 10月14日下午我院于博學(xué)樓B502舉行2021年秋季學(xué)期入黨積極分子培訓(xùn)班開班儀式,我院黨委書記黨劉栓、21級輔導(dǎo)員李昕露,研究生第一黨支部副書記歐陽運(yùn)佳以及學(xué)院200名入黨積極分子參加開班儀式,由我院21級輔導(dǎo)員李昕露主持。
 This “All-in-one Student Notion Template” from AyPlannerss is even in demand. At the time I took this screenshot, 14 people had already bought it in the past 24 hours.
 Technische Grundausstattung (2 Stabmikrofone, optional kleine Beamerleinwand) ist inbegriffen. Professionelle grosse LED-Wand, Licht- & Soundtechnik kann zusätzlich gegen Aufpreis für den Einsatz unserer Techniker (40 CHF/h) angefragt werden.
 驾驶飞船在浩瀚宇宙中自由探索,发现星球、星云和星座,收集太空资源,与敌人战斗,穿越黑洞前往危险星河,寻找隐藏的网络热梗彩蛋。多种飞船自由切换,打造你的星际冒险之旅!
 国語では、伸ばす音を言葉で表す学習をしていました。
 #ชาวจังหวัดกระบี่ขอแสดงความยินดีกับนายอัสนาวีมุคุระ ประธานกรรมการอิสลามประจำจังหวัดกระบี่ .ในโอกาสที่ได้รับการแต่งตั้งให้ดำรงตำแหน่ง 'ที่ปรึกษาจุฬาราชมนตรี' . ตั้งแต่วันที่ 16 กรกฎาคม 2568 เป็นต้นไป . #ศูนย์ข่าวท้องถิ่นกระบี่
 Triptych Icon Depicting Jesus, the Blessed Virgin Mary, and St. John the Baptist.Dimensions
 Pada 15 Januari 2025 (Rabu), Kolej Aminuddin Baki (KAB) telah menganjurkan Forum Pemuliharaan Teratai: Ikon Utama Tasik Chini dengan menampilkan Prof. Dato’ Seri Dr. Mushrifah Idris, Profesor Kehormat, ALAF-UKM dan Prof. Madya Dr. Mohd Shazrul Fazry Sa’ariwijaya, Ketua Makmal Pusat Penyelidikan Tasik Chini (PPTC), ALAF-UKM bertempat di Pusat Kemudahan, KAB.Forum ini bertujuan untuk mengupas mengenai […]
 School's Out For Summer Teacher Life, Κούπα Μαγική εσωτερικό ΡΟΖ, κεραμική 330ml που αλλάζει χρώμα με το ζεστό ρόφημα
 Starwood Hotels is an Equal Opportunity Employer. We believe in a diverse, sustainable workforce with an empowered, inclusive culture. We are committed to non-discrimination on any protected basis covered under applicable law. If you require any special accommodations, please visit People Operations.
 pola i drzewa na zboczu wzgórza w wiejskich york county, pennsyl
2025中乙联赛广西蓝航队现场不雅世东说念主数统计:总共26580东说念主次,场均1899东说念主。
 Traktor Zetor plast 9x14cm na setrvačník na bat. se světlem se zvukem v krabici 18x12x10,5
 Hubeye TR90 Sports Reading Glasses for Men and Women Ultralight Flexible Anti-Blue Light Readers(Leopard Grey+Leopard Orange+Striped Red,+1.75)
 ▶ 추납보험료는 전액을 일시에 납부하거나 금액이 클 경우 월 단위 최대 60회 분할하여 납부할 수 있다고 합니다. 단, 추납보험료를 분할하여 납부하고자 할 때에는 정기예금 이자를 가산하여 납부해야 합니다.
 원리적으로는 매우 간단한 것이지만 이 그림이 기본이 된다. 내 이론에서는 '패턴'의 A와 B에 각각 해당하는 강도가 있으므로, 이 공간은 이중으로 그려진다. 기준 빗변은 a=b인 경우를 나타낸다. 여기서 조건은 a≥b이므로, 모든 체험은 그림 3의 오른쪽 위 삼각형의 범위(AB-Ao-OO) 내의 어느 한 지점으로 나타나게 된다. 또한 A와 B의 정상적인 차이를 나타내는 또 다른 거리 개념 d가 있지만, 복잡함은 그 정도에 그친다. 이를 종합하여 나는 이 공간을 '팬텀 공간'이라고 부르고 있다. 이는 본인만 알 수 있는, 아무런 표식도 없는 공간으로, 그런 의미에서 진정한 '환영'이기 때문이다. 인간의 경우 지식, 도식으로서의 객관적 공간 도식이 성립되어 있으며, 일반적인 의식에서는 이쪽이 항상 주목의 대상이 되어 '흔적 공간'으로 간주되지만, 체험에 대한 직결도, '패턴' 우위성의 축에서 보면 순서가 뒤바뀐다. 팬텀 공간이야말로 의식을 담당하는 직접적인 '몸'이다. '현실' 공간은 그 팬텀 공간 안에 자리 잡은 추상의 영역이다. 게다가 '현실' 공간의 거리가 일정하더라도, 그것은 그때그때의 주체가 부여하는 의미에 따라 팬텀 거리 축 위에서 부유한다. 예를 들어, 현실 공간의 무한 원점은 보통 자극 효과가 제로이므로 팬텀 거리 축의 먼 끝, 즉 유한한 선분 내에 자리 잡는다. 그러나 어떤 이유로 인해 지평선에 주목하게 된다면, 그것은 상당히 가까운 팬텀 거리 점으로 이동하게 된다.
┄┄┄┄┄┄
▶ _YOUR GOAL_: Each record must be returned exactly as it is written.

▶ _RESPONSE TO THE EXERCISE_:
 10月14日下午我院于博學(xué)樓B502舉行2021年秋季學(xué)期入黨積極分子培訓(xùn)班開班儀式,我院黨委書記黨劉栓、21級輔導(dǎo)員李昕露,研究生第一黨支部副書記歐陽運(yùn)佳以及學(xué)院200名入黨積極分子參加開班儀式,由我院21級輔導(dǎo)員李昕露主持。
 This “All-in-one Student Notion Template” from AyPlannerss is even in demand. At the time I took this screenshot, 14 people had already bought it in the past 24 hours.
 Technische Grundausstattung (2 Stabmikrofone, optional kleine Beamerleinwand) ist inbegriffen. Professionelle grosse LED-Wand, Licht- & Soundtechnik kann zusätzlich gegen Aufpreis für den Einsatz unserer Techniker (40 CHF/h) angefragt werden.
 驾驶飞船在浩瀚宇宙中自由探索,发现星球、星云和星座,收集太空资源,与敌人战斗,穿越黑洞前往危险星河,寻找隐藏的网络热梗彩蛋。多种飞船自由切换,打造你的星际冒险之旅!
 国語では、伸ばす音を言葉で表す学習をしていました。
 #ชาวจังหวัดกระบี่ขอแสดงความยินดีกับนายอัสนาวีมุคุระ ประธานกรรมการอิสลามประจำจังหวัดกระบี่ .ในโอกาสที่ได้รับการแต่งตั้งให้ดำรงตำแหน่ง 'ที่ปรึกษาจุฬาราชมนตรี' . ตั้งแต่วันที่ 16 กรกฎาคม 2568 เป็นต้นไป . #ศูนย์ข่าวท้องถิ่นกระบี่
 Triptych Icon Depicting Jesus, the Blessed Virgin Mary, and St. John the Baptist.Dimensions
 Pada 15 Januari 2025 (Rabu), Kolej Aminuddin Baki (KAB) telah menganjurkan Forum Pemuliharaan Teratai: Ikon Utama Tasik Chini dengan menampilkan Prof. Dato’ Seri Dr. Mushrifah Idris, Profesor Kehormat, ALAF-UKM dan Prof. Madya Dr. Mohd Shazrul Fazry Sa’ariwijaya, Ketua Makmal Pusat Penyelidikan Tasik Chini (PPTC), ALAF-UKM bertempat di Pusat Kemudahan, KAB.Forum ini bertujuan untuk mengupas mengenai […]
 School's Out For Summer Teacher Life, Κούπα Μαγική εσωτερικό ΡΟΖ, κεραμική 330ml που αλλάζει χρώμα με το ζεστό ρόφημα
 Starwood Hotels is an Equal Opportunity Employer. We believe in a diverse, sustainable workforce with an empowered, inclusive culture. We are committed to non-discrimination on any protected basis covered under applicable law. If you require any special accommodations, please visit People Operations.
 pola i drzewa na zboczu wzgórza w wiejskich york county, pennsyl
2025中乙联赛广西蓝航队现场不雅世东说念主数统计:总共26580东说念主次,场均1899东说念主。
 Traktor Zetor plast 9x14cm na setrvačník na bat. se světlem se zvukem v krabici 18x12x10,5
 Hubeye TR90 Sports Reading Glasses for Men and Women Ultralight Flexible Anti-Blue Light Readers(Leopard Grey+Leopard Orange+Striped Red,+1.75)
 ▶ 추납보험료는 전액을 일시에 납부하거나 금액이 클 경우 월 단위 최대 60회 분할하여 납부할 수 있다고 합니다. 단, 추납보험료를 분할하여 납부하고자 할 때에는 정기예금 이자를 가산하여 납부해야 합니다.
 원리적으로는 매우 간단한 것이지만 이 그림이 기본이 된다. 내 이론에서는 '패턴'의 A와 B에 각각 해당하는 강도가 있으므로, 이 공간은 이중으로 그려진다. 기준 빗변은 a=b인 경우를 나타낸다. 여기서 조건은 a≥b이므로, 모든 체험은 그림 3의 오른쪽 위 삼각형의 범위(AB-Ao-OO) 내의 어느 한 지점으로 나타나게 된다. 또한 A와 B의 정상적인 차이를 나타내는 또 다른 거리 개념 d가 있지만, 복잡함은 그 정도에 그친다. 이를 종합하여 나는 이 공간을 '팬텀 공간'이라고 부르고 있다. 이는 본인만 알 수 있는, 아무런 표식도 없는 공간으로, 그런 의미에서 진정한 '환영'이기 때문이다. 인간의 경우 지식, 도식으로서의 객관적 공간 도식이 성립되어 있으며, 일반적인 의식에서는 이쪽이 항상 주목의 대상이 되어 '흔적 공간'으로 간주되지만, 체험에 대한 직결도, '패턴' 우위성의 축에서 보면 순서가 뒤바뀐다. 팬텀 공간이야말로 의식을 담당하는 직접적인 '몸'이다. '현실' 공간은 그 팬텀 공간 안에 자리 잡은 추상의 영역이다. 게다가 '현실' 공간의 거리가 일정하더라도, 그것은 그때그때의 주체가 부여하는 의미에 따라 팬텀 거리 축 위에서 부유한다. 예를 들어, 현실 공간의 무한 원점은 보통 자극 효과가 제로이므로 팬텀 거리 축의 먼 끝, 즉 유한한 선분 내에 자리 잡는다. 그러나 어떤 이유로 인해 지평선에 주목하게 된다면, 그것은 상당히 가까운 팬텀 거리 점으로 이동하게 된다.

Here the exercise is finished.